#### [Assignment]
Starting with the line that has "Eine mediterrane Lasur, eine" in the records below and ending with the line that has "1、點擊鱷魚身上播放鍵。進(jìn)入關", output those lines exactly and nothing more; omit the pictures.

START Data supplied

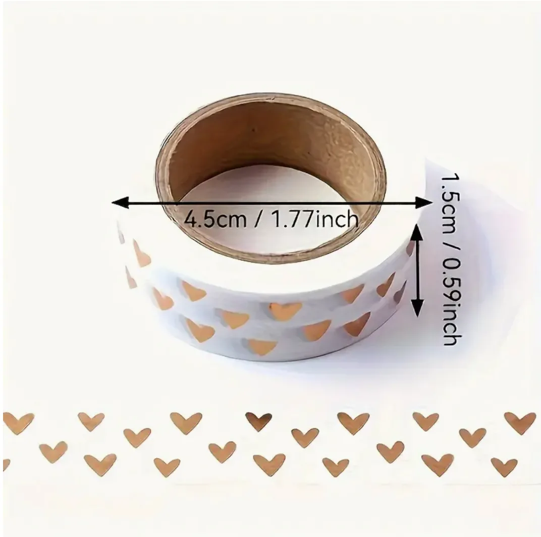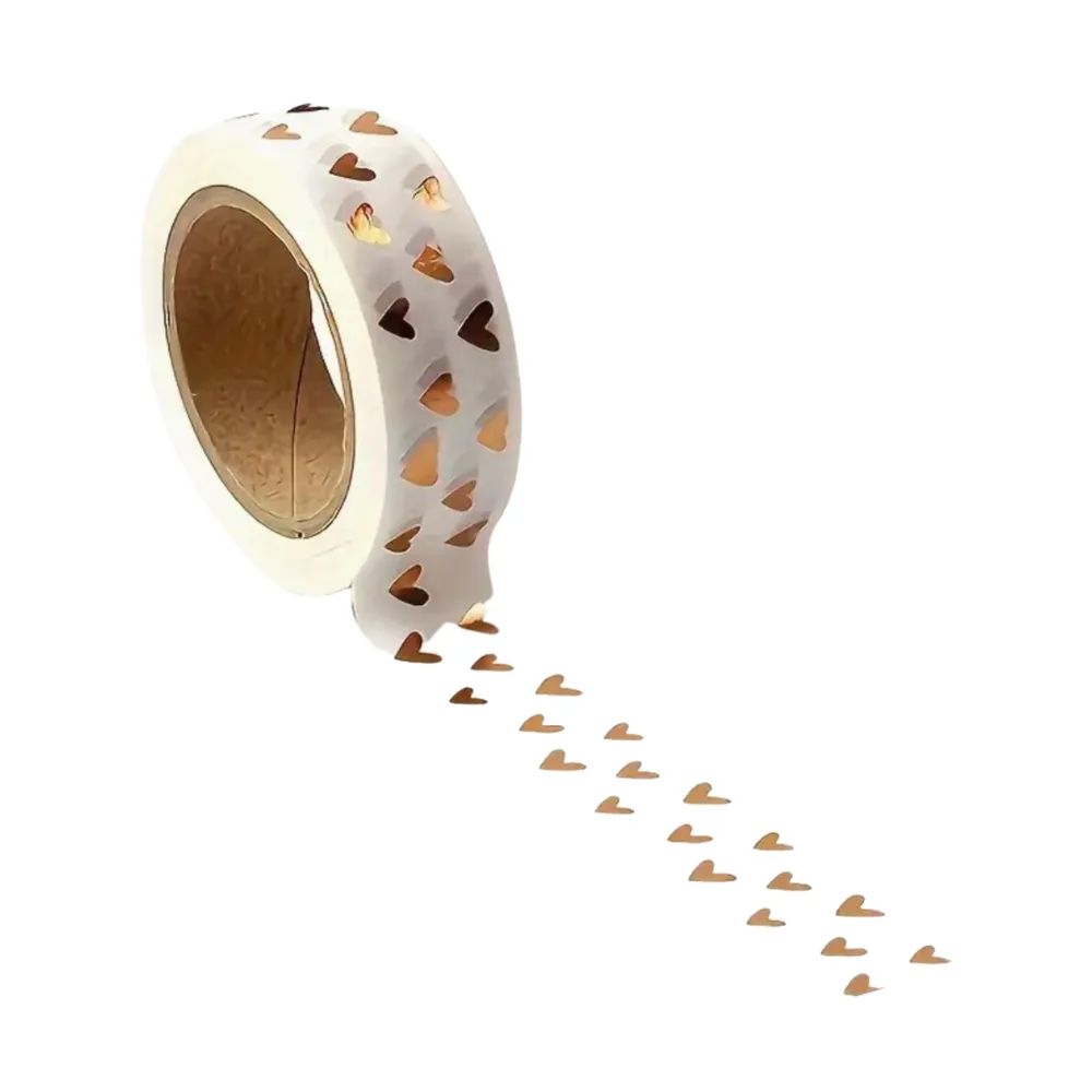 Deze washi tape is ideaal voor een breed scala aan toepassingen. Gebruik het om je bullet journal of agenda op te fleuren, of geef je scrapbookprojecten een persoonlijke touch. De gouden hartjes voegen een sprankelend detail toe aan elke creatie. Ook handig voor het inpakken van cadeaus, waardoor ze er extra speciaal uitzien.
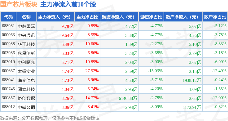 从资金流向上来看,当日国产芯片板块主力资金净流入77.4亿元,游资资金净流出42.37亿元,散户资金净流出35.03亿元。国产芯片板块个股资金流向见下表:
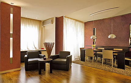 Eine mediterrane Lasur, eine Spachtel- (Stucco Veneziano / Marmorino / Stucco-Lustro), Wisch-Wickel- oder eine Tupftechnik kann im Zusammenspiel mit Zierprofilen aus Stuckimitationen ein völlig neues Wohngefühl entstehen lassen
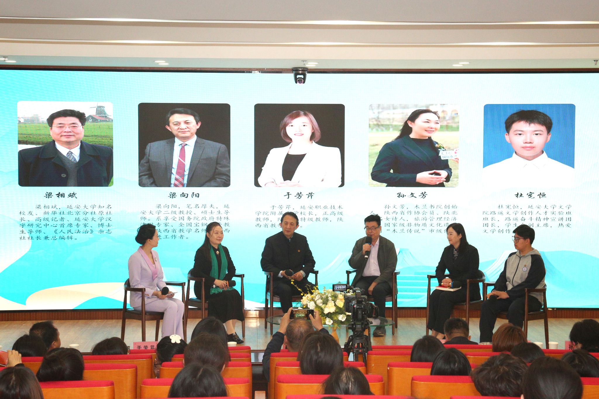 新华社北京分社原社长、高级记者、延安大学汉字研究中心首席专家梁相斌,陕西省作协副主席、延安大学文学院教授梁向阳,延安职业技术学院附小校长、特级教师于芳芹,延安市文联原主席、木兰书院创始人孙文芳,以及延安大学文学院学生代表杜宪恒作为对话嘉宾,围绕论坛主题分别从不同视角分享了思考与感悟。嘉宾们结合自身经历与具体作品,阐释经典内涵,同时分享了阅读革命文化经典的方法路径。论坛还穿插了《延安与中国青年》《红星照耀中国》等5场阅读分享。
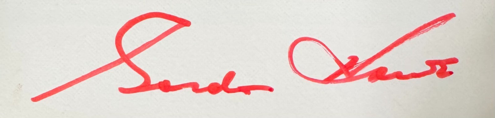 • Excellent condition; some faint discoloration in one corner otherwise minimal signs of visible handling wear. Autograph presents well with no fading, bleeding or smudging
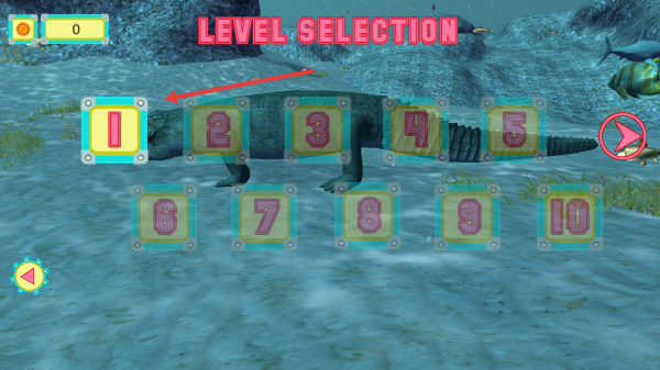 1、點擊鱷魚身上播放鍵。進(jìn)入關(guān)卡選界面優(yōu)先選LEVEL1,熟悉虛擬搖桿左側(cè)控制鱷魚移動。
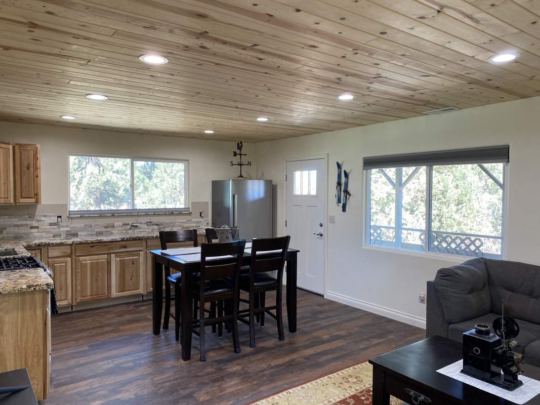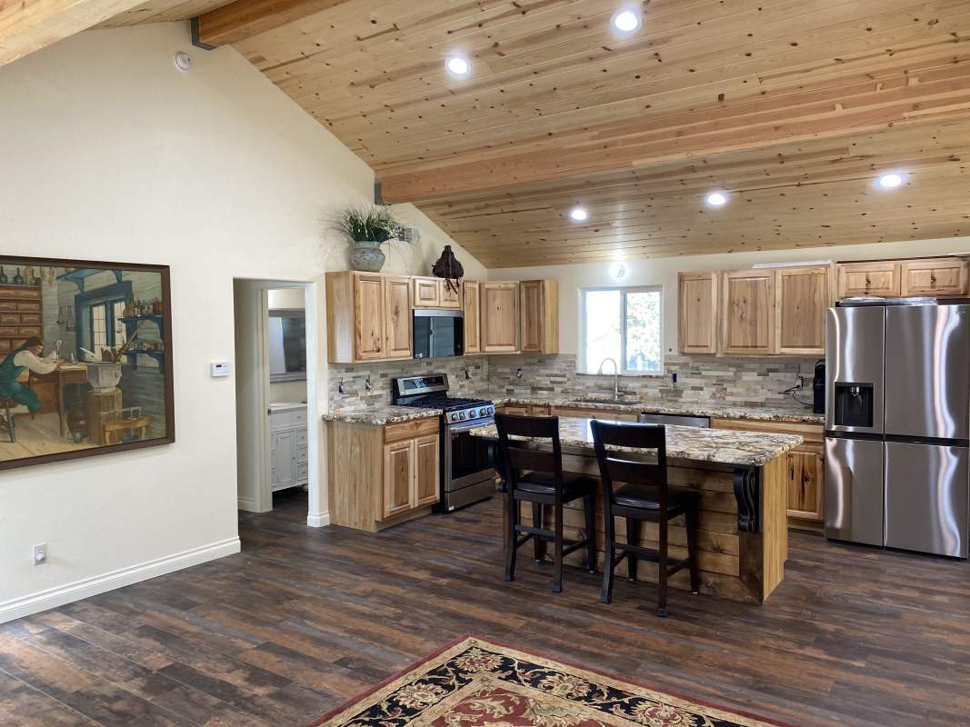 Looking for versatility? Put the final finishing touches on the nearly-completed remodel of this beautiful custom Shay Meadow home. This property has so much to offer. Main level great room style floor plan has vaulted T&G ceilings and recessed lighting; modern gas fireplace with a hearty hand-hewn log mantel. Sparkling kitchen has an island, high-end stainless, rough-edge granite, and stacked stone backsplash. Two bedrooms and bath on the main level. Beautiful and durable distressed luxury vinyl plank flooring flooring throughout (considered the most water resistant flooring on the market). Upper level could be used as a separate mother-in-law unit or rental space; has separate entry with it’s own remodeled kitchen, living area, bedroom, bath, and private covered deck with views of the meadow in the distance. The majority of insulation, plumbing, and electrical is new throughout, including two new electrical panels, 220V for RV or EV in the 3-car garage which also has heat and laundry hookups. Two new forced air heaters (one for each level), tankless water heater, new windows and doors, new roof on front part of house. Large property with fenced back yard and easy all-season access with room to park RV or boat. This would make an excellent full-time residence, multi-generational home, income-producing rental, or some combination thereof.

END Data supplied

#### [Result below]
 Eine mediterrane Lasur, eine Spachtel- (Stucco Veneziano / Marmorino / Stucco-Lustro), Wisch-Wickel- oder eine Tupftechnik kann im Zusammenspiel mit Zierprofilen aus Stuckimitationen ein völlig neues Wohngefühl entstehen lassen
 新华社北京分社原社长、高级记者、延安大学汉字研究中心首席专家梁相斌,陕西省作协副主席、延安大学文学院教授梁向阳,延安职业技术学院附小校长、特级教师于芳芹,延安市文联原主席、木兰书院创始人孙文芳,以及延安大学文学院学生代表杜宪恒作为对话嘉宾,围绕论坛主题分别从不同视角分享了思考与感悟。嘉宾们结合自身经历与具体作品,阐释经典内涵,同时分享了阅读革命文化经典的方法路径。论坛还穿插了《延安与中国青年》《红星照耀中国》等5场阅读分享。
 • Excellent condition; some faint discoloration in one corner otherwise minimal signs of visible handling wear. Autograph presents well with no fading, bleeding or smudging
 1、點擊鱷魚身上播放鍵。進(jìn)入關(guān)卡選界面優(yōu)先選LEVEL1,熟悉虛擬搖桿左側(cè)控制鱷魚移動。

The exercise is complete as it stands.